§ **Data records**
§

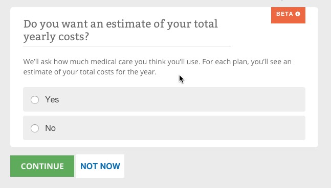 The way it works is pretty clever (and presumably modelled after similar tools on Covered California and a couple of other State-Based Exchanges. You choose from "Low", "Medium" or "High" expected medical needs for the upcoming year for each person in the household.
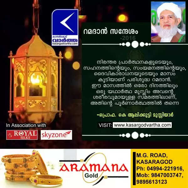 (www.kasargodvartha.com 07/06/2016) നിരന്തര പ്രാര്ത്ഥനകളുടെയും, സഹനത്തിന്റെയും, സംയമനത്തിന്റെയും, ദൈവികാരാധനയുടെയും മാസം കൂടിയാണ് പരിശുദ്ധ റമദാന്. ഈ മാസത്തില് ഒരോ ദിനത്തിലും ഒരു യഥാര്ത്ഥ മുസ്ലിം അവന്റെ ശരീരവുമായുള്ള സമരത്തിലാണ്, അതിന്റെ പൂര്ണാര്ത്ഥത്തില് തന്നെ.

§

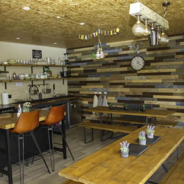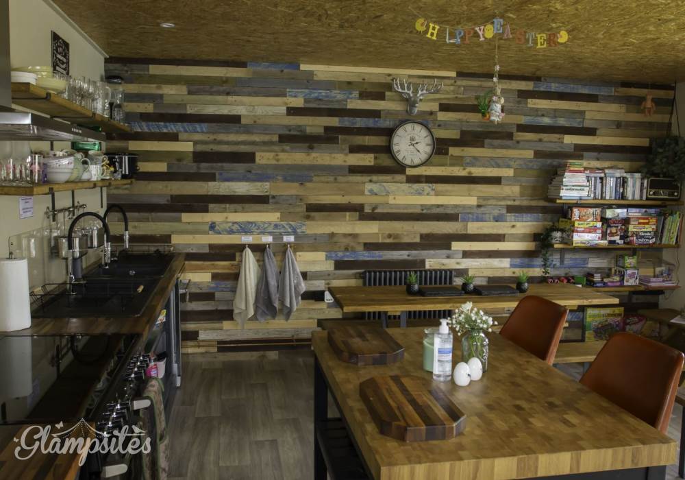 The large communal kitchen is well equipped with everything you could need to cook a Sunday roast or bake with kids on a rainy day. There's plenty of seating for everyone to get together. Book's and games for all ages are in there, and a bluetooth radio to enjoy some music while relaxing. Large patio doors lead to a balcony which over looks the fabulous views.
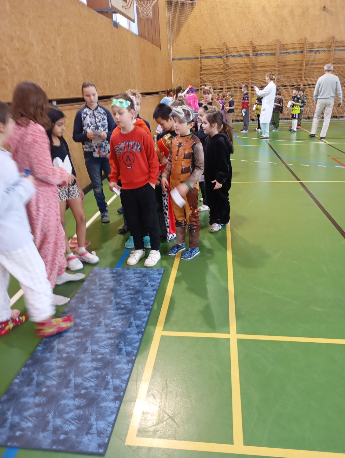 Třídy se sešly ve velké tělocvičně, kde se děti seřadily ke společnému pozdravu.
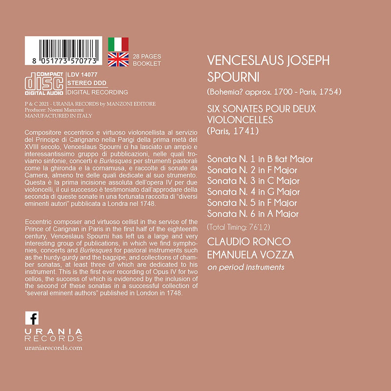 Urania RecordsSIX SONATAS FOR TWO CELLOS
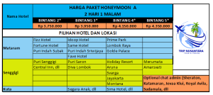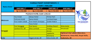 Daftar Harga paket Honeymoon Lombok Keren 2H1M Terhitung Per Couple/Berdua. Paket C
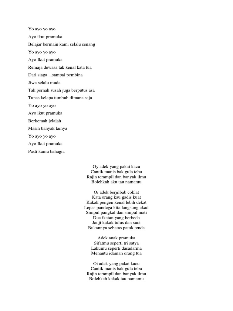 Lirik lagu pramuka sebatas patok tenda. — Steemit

§

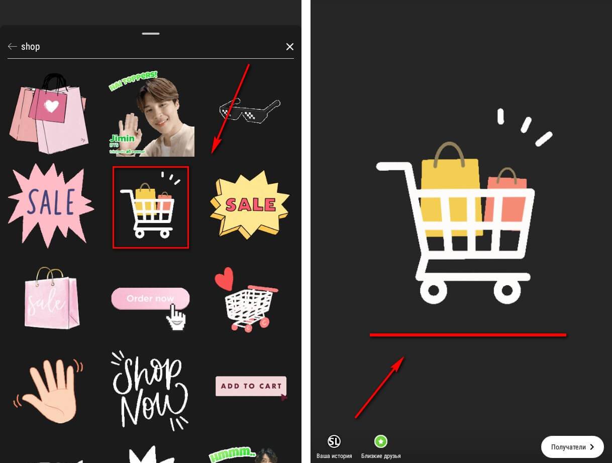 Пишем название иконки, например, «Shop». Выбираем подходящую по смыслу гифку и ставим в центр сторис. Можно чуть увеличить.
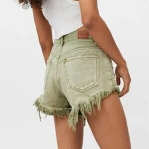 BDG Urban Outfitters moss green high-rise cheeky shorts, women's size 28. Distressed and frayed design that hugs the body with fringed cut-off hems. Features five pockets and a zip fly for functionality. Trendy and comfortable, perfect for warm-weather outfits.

§

§ **Activity**
Pictures excluded, reproduce only the part above that opens with the line holding "The way it works" and closes with the line holding "(www.kasargodvartha.com 07/06/2016) നിരന്തര", exactly as written.

§ **Exercise solution**
 The way it works is pretty clever (and presumably modelled after similar tools on Covered California and a couple of other State-Based Exchanges. You choose from "Low", "Medium" or "High" expected medical needs for the upcoming year for each person in the household.
 (www.kasargodvartha.com 07/06/2016) നിരന്തര പ്രാര്ത്ഥനകളുടെയും, സഹനത്തിന്റെയും, സംയമനത്തിന്റെയും, ദൈവികാരാധനയുടെയും മാസം കൂടിയാണ് പരിശുദ്ധ റമദാന്. ഈ മാസത്തില് ഒരോ ദിനത്തിലും ഒരു യഥാര്ത്ഥ മുസ്ലിം അവന്റെ ശരീരവുമായുള്ള സമരത്തിലാണ്, അതിന്റെ പൂര്ണാര്ത്ഥത്തില് തന്നെ.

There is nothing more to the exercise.